The performances of various extrapolation relations, which approximate the stretch rate and curvature dependences of density-weighted displacement speed, were assessed based on a detailed chemistry DNS database of statistically planar turbulent \({\text{H}}_{2}\)-air premixed flames with an equivalence ratio of 0.7 spanning a range of Karlovitz number values. It was found that density-weighted displacement speed \(S_{d}^{*}\) for reaction progress variables defined based on \({\text{H}}_{2} ,{\text{O}}_{2}\) and \({\text{H}}_{2} {\text{O}}\) mass fractions individually, is non-linearly related to both curvature \(\kappa_{m}\) and stretch rate \(K\), and this trend for stretch rate dependence strengthens with increasing Karlovitz number \(Ka\). However, the non-linearity of \(K\) dependences of \(S_{d}^{*}\) is considerably stronger than its curvature \(\kappa_{m}\) dependence. It was also found that the extrapolation relation (LS), which expresses \(S_{d}^{*}\) as a linear function of stretch rate \(K\) does not satisfactorily capture the statistical variation of \(S_{d}^{*}\). In contrast, a linear extrapolation relation (LC) in terms of curvature allows for non-linear stretch rate dependence of \(S_{d}^{*}\) and thus has been found to be more successful in capturing the statistical behaviours of \(S_{d}^{*}\) than the LS extrapolation.

It was found that the non-linear extrapolations (e.g. NQ, NE and N3P) perform better than the linear extrapolation relations (e.g. LC and LS), but the improved performance comes at the cost of additional tuning constants. However, the performance of NQ extrapolation depends on solving a non-linear equation which is sensitive to the choice of initial guess of its root, whereas an extrapolation relation (i.e. NE) which accounts for \(\kappa_{m}^{3}\) contribution, is prone to artificial overshoots and undershoots and as a result their performances have been found to be inferior to the N3P extrapolation. Thus, a recently proposed extrapolation relation, which explicitly models curvature dependence of \(\left( {S_{r}^{*} + S_{n}^{*} } \right)\), was found to exhibit promising performance for the range of \(Ka\) considered here. Moreover, the parameters of extrapolation relations (i.e. \(L_{M}\) and \(C\)) were found to be sensitive to the choice and definition of \(c\) for all extrapolation relations considered here.
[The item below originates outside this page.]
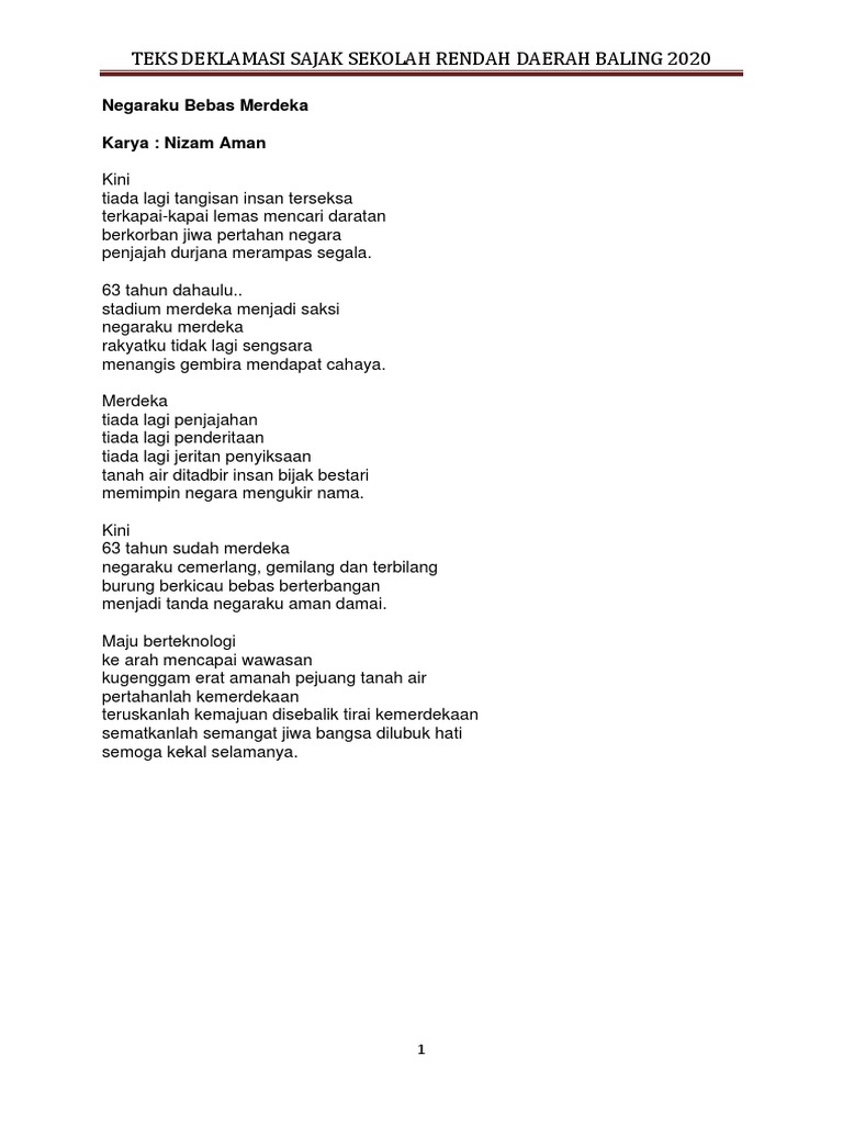 Johan e deklamasi sajak kemerdekaan sekolah menengah kpm tahun 2020. Sajak Kemerdekaan Samanan 2021. Artikel hanya terdapat dalam bahasa melayu article available only in malay.

Although the non-linear models sometimes show better performance than the LC extrapolation, the performance of the LC extrapolation was found to be remarkably robust, especially from the standpoint of correlation coefficients and does not need any parameter other than the Markstein length. The analysis also demonstrated a non-negligible sensitivity of the Markstein length to the definition of reaction progress variable, which potentially poses a problem for interpretation and comparison of experimental and detailed chemistry simulation data. Furthermore, no analytical expressions are available for calculating Markstein length in the context of detailed chemistry data. Comparison of the present data with the earlier simple chemistry analysis reported in Herbert et al. (2020) reveals that the correlation coefficients between density weighted displacement speed and the investigated extrapolation relations are lower for the detailed chemistry case. The foregoing discussion indicates the need for extending classical results of combustion theory in the context of detailed chemistry and transport for the analysis of experimental data, for modelling purposes and for comparison with simulation data where the complexity of chemistry is reduced. The present analysis was conducted for \({\text{H}}_{2}\)-air premixed flames, which behave differently in comparison to hydrocarbon-air premixed flames. Thus, further analysis in this regard will be needed to assess the performances of extrapolation relations for turbulent hydrocarbon-air premixed flames, which will form the basis of future investigations.